-- DATA TO EXAMINE --
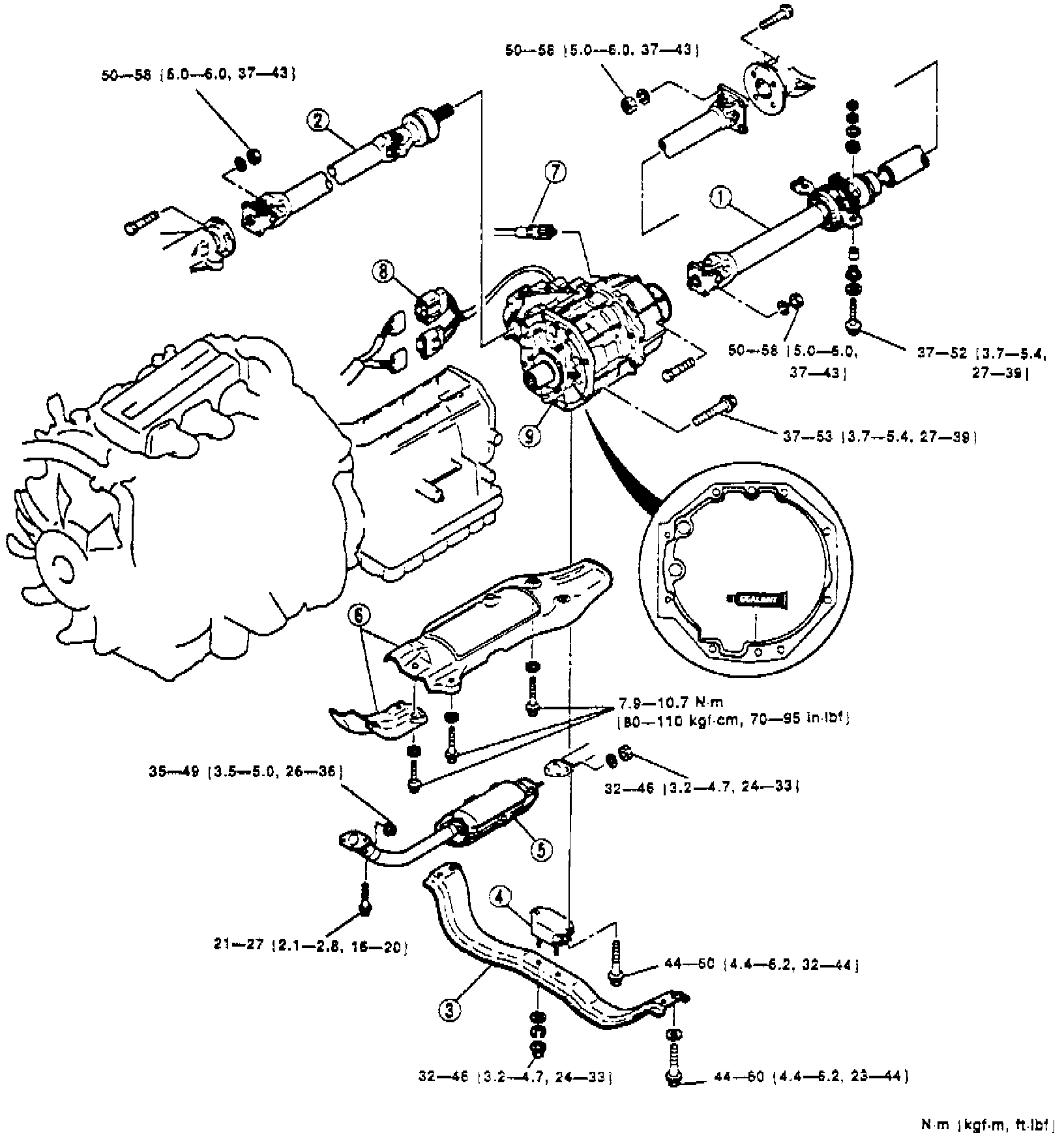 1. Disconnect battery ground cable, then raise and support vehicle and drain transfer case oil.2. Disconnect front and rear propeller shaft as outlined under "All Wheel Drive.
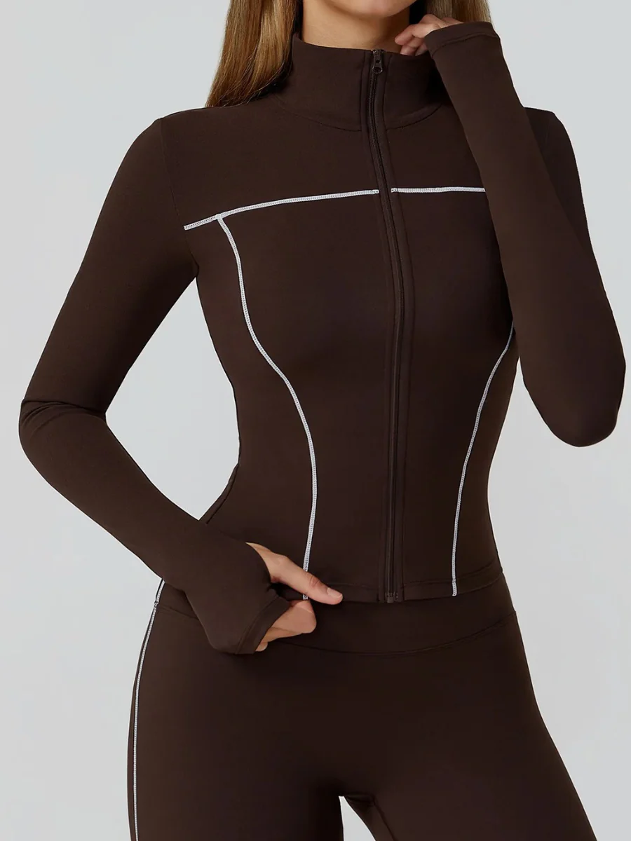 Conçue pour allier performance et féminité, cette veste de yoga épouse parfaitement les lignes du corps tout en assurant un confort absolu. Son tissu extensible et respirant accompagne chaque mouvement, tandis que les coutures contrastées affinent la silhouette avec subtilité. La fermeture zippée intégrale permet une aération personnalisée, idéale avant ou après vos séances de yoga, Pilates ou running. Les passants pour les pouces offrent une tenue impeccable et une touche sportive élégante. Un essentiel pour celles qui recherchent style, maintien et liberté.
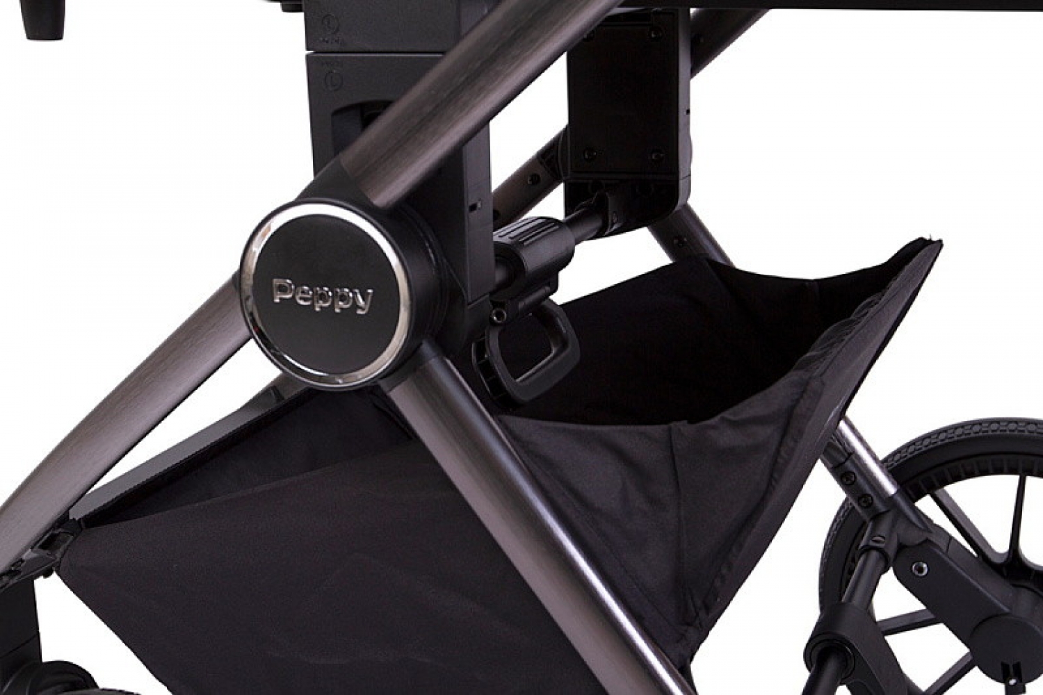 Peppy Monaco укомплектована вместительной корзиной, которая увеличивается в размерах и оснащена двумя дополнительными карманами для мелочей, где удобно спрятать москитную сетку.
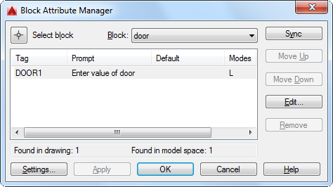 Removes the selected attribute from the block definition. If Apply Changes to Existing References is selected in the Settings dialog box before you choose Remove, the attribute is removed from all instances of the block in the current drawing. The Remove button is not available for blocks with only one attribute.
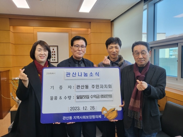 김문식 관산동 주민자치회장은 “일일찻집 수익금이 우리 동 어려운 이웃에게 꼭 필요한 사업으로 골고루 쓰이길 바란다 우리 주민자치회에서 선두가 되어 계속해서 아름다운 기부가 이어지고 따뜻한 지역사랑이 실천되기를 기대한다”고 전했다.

-- WHAT TO PRODUCE --
Print the material above word for word, and keep the pictures out of it.

-- SOLUTION TO THIS TASK --
 1. Disconnect battery ground cable, then raise and support vehicle and drain transfer case oil.2. Disconnect front and rear propeller shaft as outlined under "All Wheel Drive.
 Conçue pour allier performance et féminité, cette veste de yoga épouse parfaitement les lignes du corps tout en assurant un confort absolu. Son tissu extensible et respirant accompagne chaque mouvement, tandis que les coutures contrastées affinent la silhouette avec subtilité. La fermeture zippée intégrale permet une aération personnalisée, idéale avant ou après vos séances de yoga, Pilates ou running. Les passants pour les pouces offrent une tenue impeccable et une touche sportive élégante. Un essentiel pour celles qui recherchent style, maintien et liberté.
 Peppy Monaco укомплектована вместительной корзиной, которая увеличивается в размерах и оснащена двумя дополнительными карманами для мелочей, где удобно спрятать москитную сетку.
 Removes the selected attribute from the block definition. If Apply Changes to Existing References is selected in the Settings dialog box before you choose Remove, the attribute is removed from all instances of the block in the current drawing. The Remove button is not available for blocks with only one attribute.
 김문식 관산동 주민자치회장은 “일일찻집 수익금이 우리 동 어려운 이웃에게 꼭 필요한 사업으로 골고루 쓰이길 바란다 우리 주민자치회에서 선두가 되어 계속해서 아름다운 기부가 이어지고 따뜻한 지역사랑이 실천되기를 기대한다”고 전했다.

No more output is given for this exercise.